Чем больше Сандерс над этим думал, тем яснее вырисовывался перед ним ответ: Мередит не зарегистрировала свою жалобу официально потому, что не могла этого сделать.
Она не могла, потому что это поставило бы ее перед другой проблемой. Более неприятной.
Что-то еще…
«…все спустим на тормозах…»
Перед Сандерсом постепенно все происшедшее начало рисоваться в ином свете. Сегодня утром Блэкберн не стал игнорировать его и пренебрегать встречей с ним. Ничего подобного – он еще и оправдывался.
Блэкберн был напуган.
«…Мы все спустим на тормозах, к полному удовлетворению всех заинтересованных лиц…»
Что он имел в виду?
Что у Мередит за проблемы?
Какие у нее вообще могут быть проблемы?
Чем больше Сандерс об этом думал, тем отчетливее понимал, что существует только одна возможная причина, почему она не стала регистрировать жалобу…
Сандерс снова достал свой телефон, позвонил в «Юнайтед Эйрлайнз» и заказал три билета до Финикса и обратно.
– Ты, чертов сукин сын, – сказала Сюзен.
Они сидели за угловым столиком в «Иль Терраццо». Было два часа дня, и ресторан был почти пуст. Сюзен слушала мужа уже полчаса, не перебивая и не комментируя. Сандерс рассказал ей о встрече с Мередит и обо всем, что случилось после этого: о совещании с «Конли-Уайт»; о разговоре с Блэкберном; о беседе с Фернандес.
– И как тебя после этого не презирать? Адель и Мери Энн разговаривали со мной по телефону, и они знали, а я нет? Как ты унизил меня, Том!
– Ну, – оборонялся он, – ты же знаешь, что позже нам с тобой было не до этого разговора…
– Брось, Том, – поморщилась жена. – Я не имею к этому никакого отношения. Ты не сказал мне потому, что не захотел.
– Сюзен, это не…
– Это так, Том. Я ведь тебя о ней спрашивала. Если бы ты хотел, ты бы мне все мог рассказать, но ты этого не сделал. – Сюзен покачала головой. – Сукин сын. Не могу поверить, что ты такой козел. Заварить такую кашу!.. Ты хоть понимаешь, во что влип?
– Понимаю, – признался Том, повесив голову.
– Только не надо мне здесь устраивать сцен раскаяния, скотина ты этакая!
– Мне очень жаль, – сказал Сандерс.
– Тебе жаль? Ему жаль! Господи, я не могу поверить, ну что за скотина! Ты провел ночь со своей чертовой любовницей…
– Неправда! И она мне не любовница!
– Какая разница! Она была твоей зазнобой.
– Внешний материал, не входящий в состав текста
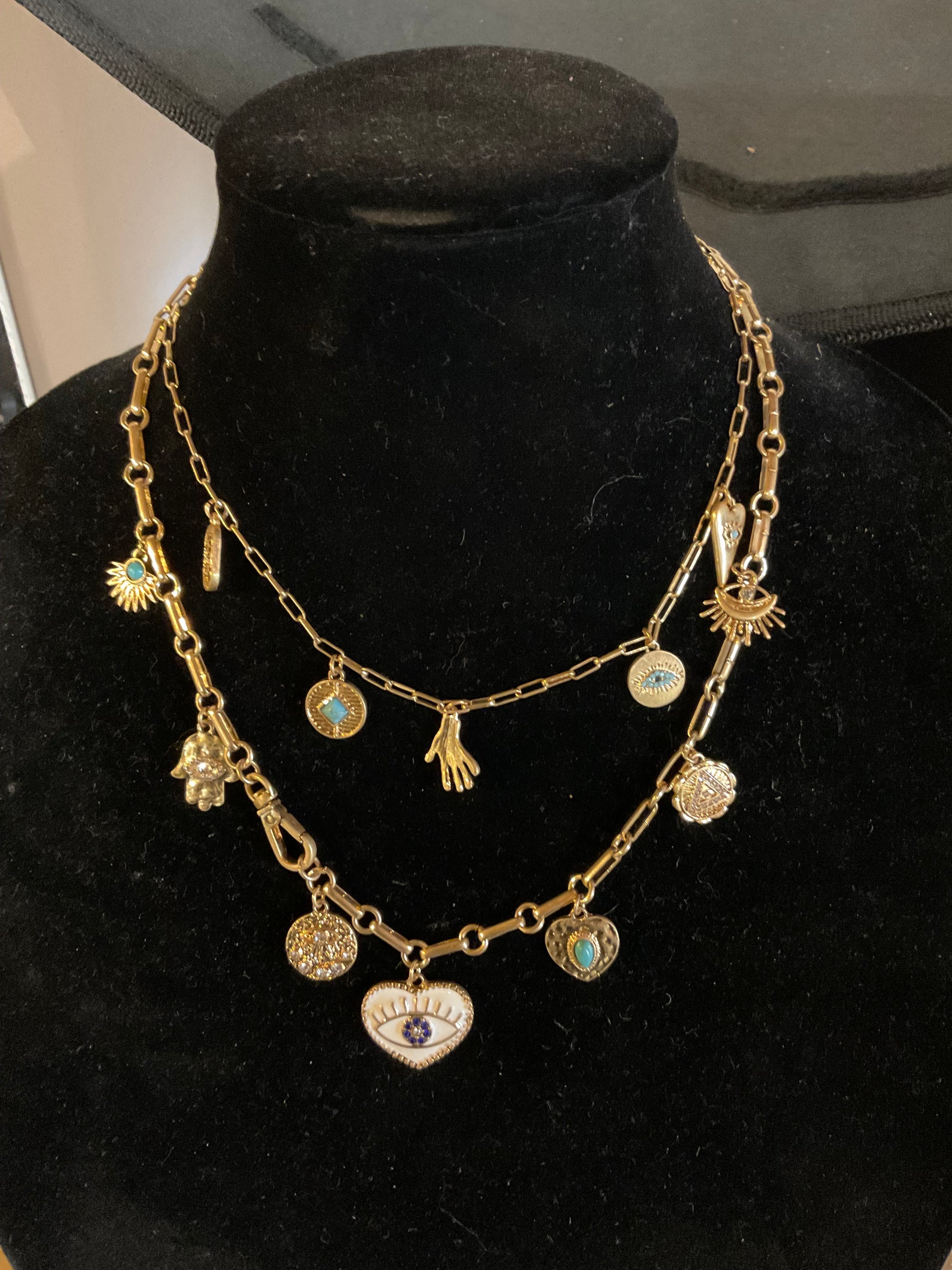 A double-layer 16" and 18" gold charm necklace featuring turquoise accents, celestial motifs, an an all-seeing eye pendant -- radiant, symbolic, and full of bohemian energy.

– Она не была моей зазнобой!
– Да ну? А почему ты тогда ничего не сказал мне? – Сюзен потрясла головой. – Ответь мне только на один вопрос: ты ее трахнул или нет?
– Нет.
Она в упор посмотрела на мужа, помешивая свой кофе.
– Ты говоришь мне правду?
– Да.
– Ничего не скрываешь? Никаких неудобных для тебя подробностей?
– Нет, ничего.
– Тогда почему она на тебя пожаловалась?
– Что ты имеешь в виду? – спросил он.
– Должна быть какая-нибудь причина, чтобы она на тебя пожаловалась. Ты должен был что-то сделать.
– Ничего я не делал. Наоборот, я отшил ее.
– Угу, конечно. – Она хмуро посмотрела на Сандерса. – Знаешь, Том, это ведь касается не только тебя: это касается всей семьи – и меня, и детей.